Adaptive Responses of Pseudomonas aeruginosa to Treatment with Antibiotics

Pseudomonas aeruginosa is among the highest priority pathogens for drug development because of its resistance to antibiotics, extraordinary adaptability, and persistence. Antipseudomonal research is strongly encouraged to address the acute scarcity of innovative antimicrobial lead structures. In an effort to understand the physiological response of P. aeruginosa to clinically relevant antibiotics, we investigated the proteome after exposure to ciprofloxacin, levofloxacin, rifampicin, gentamicin, tobramycin, azithromycin, tigecycline, polymyxin B, colistin, ceftazidime, meropenem, and piperacillin-tazobactam.
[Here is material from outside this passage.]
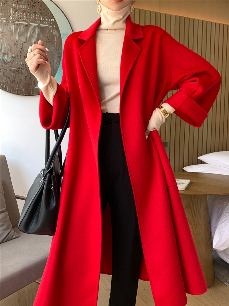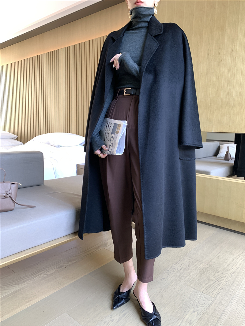 Women water ripple double Faced Wool cashmere coat,Wool Long Coat,Wool Overcoat #1001

We further investigated the response to CHIR-090, which represents a promising class of lipopolysaccharide biosynthesis inhibitors currently under evaluation. Radioactive pulse-labeling of newly synthesized proteins followed by two-dimensional polyacrylamide gel electrophoresis was used to monitor the acute response of P. aeruginosa to antibiotic treatment. The proteomic profiles provide insights into the cellular defense strategies for each antibiotic. A mathematical comparison of these response profiles based on upregulated marker proteins revealed similarities of responses to antibiotics acting on the same target area. This study provides insights into the effects of commonly used antibiotics on P. aeruginosa and lays the foundation for the comparative analysis of the impact of novel compounds with precedented and unprecedented modes of action.